Given entries:

· · · · · · ·

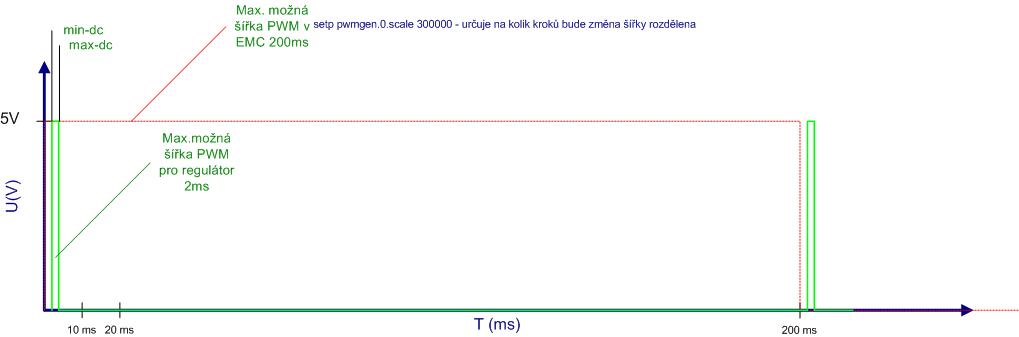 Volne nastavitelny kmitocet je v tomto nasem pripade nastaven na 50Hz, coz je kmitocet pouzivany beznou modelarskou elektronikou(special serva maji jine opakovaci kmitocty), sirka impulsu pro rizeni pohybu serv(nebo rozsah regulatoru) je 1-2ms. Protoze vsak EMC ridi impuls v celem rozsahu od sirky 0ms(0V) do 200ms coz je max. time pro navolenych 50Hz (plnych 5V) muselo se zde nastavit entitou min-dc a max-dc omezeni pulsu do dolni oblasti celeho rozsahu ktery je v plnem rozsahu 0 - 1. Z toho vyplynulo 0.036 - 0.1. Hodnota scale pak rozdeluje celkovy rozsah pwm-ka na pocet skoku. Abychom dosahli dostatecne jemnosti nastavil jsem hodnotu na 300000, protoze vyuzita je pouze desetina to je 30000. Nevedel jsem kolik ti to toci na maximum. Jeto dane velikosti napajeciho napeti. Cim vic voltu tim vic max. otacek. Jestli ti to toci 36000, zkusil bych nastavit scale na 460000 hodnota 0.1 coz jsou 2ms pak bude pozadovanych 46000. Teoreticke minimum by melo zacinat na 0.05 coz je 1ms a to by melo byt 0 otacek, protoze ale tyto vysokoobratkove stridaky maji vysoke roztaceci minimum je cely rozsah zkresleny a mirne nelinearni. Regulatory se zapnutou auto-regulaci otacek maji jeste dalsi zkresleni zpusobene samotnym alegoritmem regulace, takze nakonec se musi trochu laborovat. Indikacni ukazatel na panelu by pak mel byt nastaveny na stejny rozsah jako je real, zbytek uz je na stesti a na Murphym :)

· · · · · · ·

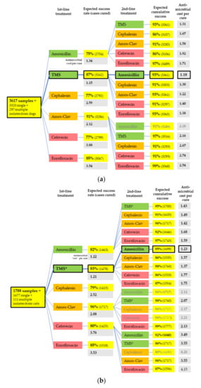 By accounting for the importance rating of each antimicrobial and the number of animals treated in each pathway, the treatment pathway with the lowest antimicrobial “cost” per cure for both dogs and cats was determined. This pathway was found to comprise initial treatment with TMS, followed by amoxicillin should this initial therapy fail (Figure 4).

· · · · · · ·

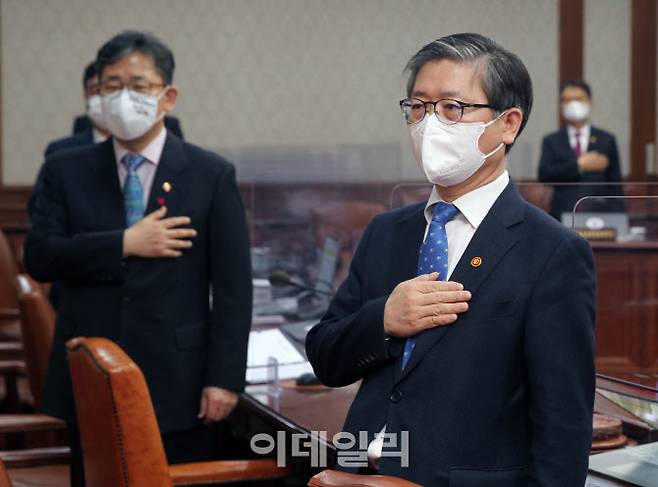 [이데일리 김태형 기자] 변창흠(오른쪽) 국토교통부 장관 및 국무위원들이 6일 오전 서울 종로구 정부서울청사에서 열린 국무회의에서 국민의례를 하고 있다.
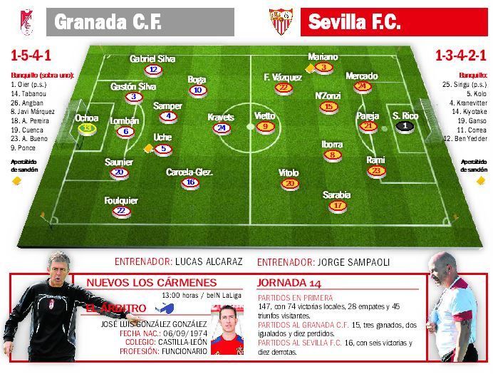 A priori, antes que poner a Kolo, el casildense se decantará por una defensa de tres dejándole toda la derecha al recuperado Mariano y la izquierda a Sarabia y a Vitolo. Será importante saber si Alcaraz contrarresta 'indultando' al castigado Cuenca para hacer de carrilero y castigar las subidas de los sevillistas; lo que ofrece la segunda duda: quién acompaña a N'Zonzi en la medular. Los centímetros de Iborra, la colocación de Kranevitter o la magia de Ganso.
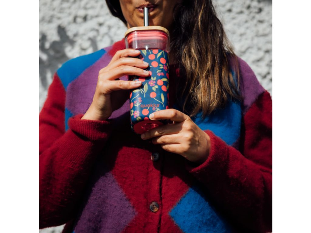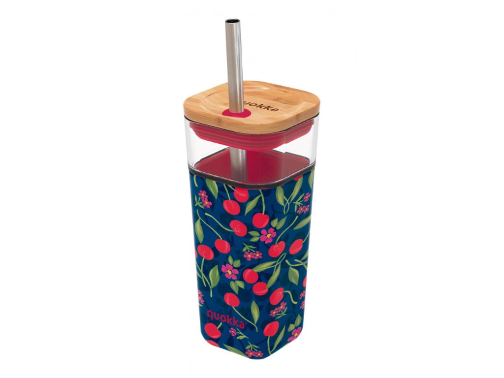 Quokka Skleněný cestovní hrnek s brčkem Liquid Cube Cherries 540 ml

· · · · · · ·

Task goal: Reproduce, exactly and only, the lines of the records above starting at the line with "[이데일리 김태형 기자]" and ending at the line with "Quokka Skleněný cestovní", both included. Leave every picture out.

Answer:
 [이데일리 김태형 기자] 변창흠(오른쪽) 국토교통부 장관 및 국무위원들이 6일 오전 서울 종로구 정부서울청사에서 열린 국무회의에서 국민의례를 하고 있다.
 A priori, antes que poner a Kolo, el casildense se decantará por una defensa de tres dejándole toda la derecha al recuperado Mariano y la izquierda a Sarabia y a Vitolo. Será importante saber si Alcaraz contrarresta 'indultando' al castigado Cuenca para hacer de carrilero y castigar las subidas de los sevillistas; lo que ofrece la segunda duda: quién acompaña a N'Zonzi en la medular. Los centímetros de Iborra, la colocación de Kranevitter o la magia de Ganso.
 Quokka Skleněný cestovní hrnek s brčkem Liquid Cube Cherries 540 ml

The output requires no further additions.